Plus de 50 ans de carrière
C’est le réalisateur algérien Mustapha Badie qui la repère en 1973. Il lui propose son premier rôle dans le feuilleton télévisé culte Al Hariq (L'incendie), adapté de la trilogie de Mohammed Dib. Alors âgée de 19 ans, ce rôle va la rendre célèbre en Algérie. 5 ans plus tard, elle tourne un premier film pour le cinéma algérien : Leila et les autres de Sid Ali Mazif. Lors de la décennie noire, dans les années 1990, elle refuse de quitter son pays.
En 1999, à la fin des violences, sa carrière s’ouvre à l’international quand Nadir Moknèche lui offre le rôle de Meriem dans Le Harem de Madame Osmane qu'elle tourne en France. Elle revient ensuite en Algérie pour jouer dans La Voisine de Ghaouti Bendedouche en 2000.

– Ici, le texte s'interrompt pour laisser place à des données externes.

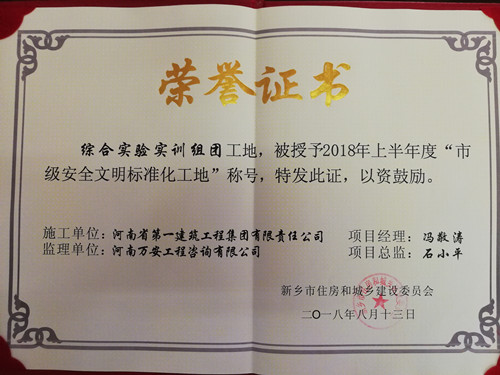 第十项目部河南师范大学综合实验实训组团工地荣获新乡市安全文明标准化工地称号
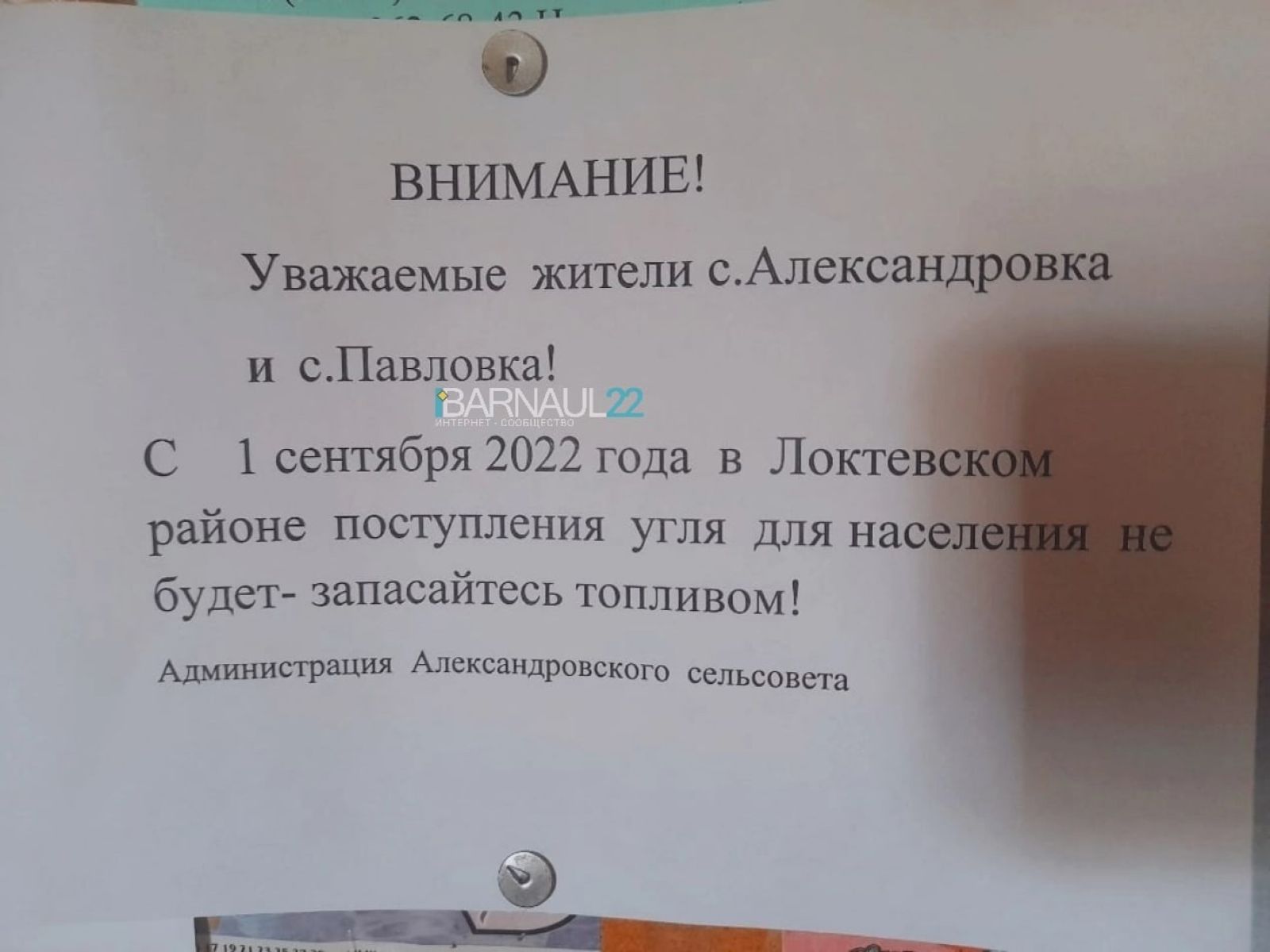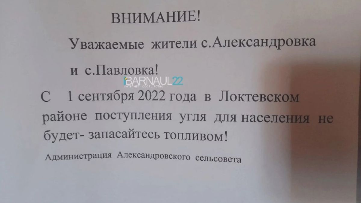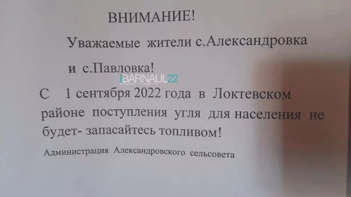 По словам жителей села Александровка, в сельсовете разместили объявление, в котором говорится, что с 1 сентября в районе больше не будут возить уголь.

Entre 2002 et 2005, Biyouna connaît un grand succès avec Nass Mlah City, diffusé durant les mois de ramadan sur la télévision algérienne. En 2003, elle joue une ancienne danseuse de cabaret dans Viva Laldjérie, un autre film de Nadir Moknèche. Puis une arnaqueuse, dans Délice Paloma, du même réalisateur, où elle tient le rôle principal de madame Aldjeria.
Durant le ramadan de 2010, Biyouna est une des vedettes de la sitcom tunisienne Nsibti Laaziza, où elle tient le rôle de Barisa et co-interprète également le générique de la série.
On la voit aussi jouer dans de nombreux autres films français, tels que Neuilly sa mère (2009), Aïcha (2011), Les Trois Frères : Le Retour (2014), ou encore Le Flic de Belleville (2018), son dernier rôle au cinéma qu’elle joue aux côtés d’Omar Sy. Ce dernier lui a également rendu hommage aujourd’hui à travers deux photographies publiées en story sur Instagram.
Biyouna et Omar Sy, photographie postée par l’acteur en hommage à l’actrice décédée le mardi 25 novembre 2025
Photographie postée par l’acteur Omar Sy dans sa story Instagram, en hommage à Biyouna décédée le mardi 25 novembre 2025
La maladie
Plus récemment, l’actrice est apparue en 2023 dans Dar Lefchouch, une comédie dramatique algérienne où elle interprète une psychologue. Par la suite, Biyouna se fera discrète. Sa dernière apparition publique remonte à une vidéo Tiktok publiée le 21 février 2025, dans laquelle elle partageait ses vœux pour le ramadan. Affaiblie par le cancer du poumon contre lequel elle luttait depuis 2016, elle avait alors ému ses fans.
Hospitalisée depuis le 4 novembre 2025 à l’hôpital de Baïnem d’Alger, son état de santé s’était rapidement dégradé ces derniers jours, l’amenant à être transférée vers le service de pneumologie de l’hôpital Beni Messous, où elle est décédée ce mardi matin.
“Selon les médecins, le manque d’oxygène au cerveau a récemment provoqué une dégradation critique de son état", précise Rabah Allaoua, un journaliste algérien, dans une publication Facebook.
Un dernier hommage lui sera rendu demain au Théâtre National d’Alger, avant ses funérailles, indique le quotidien algérien Ennahar.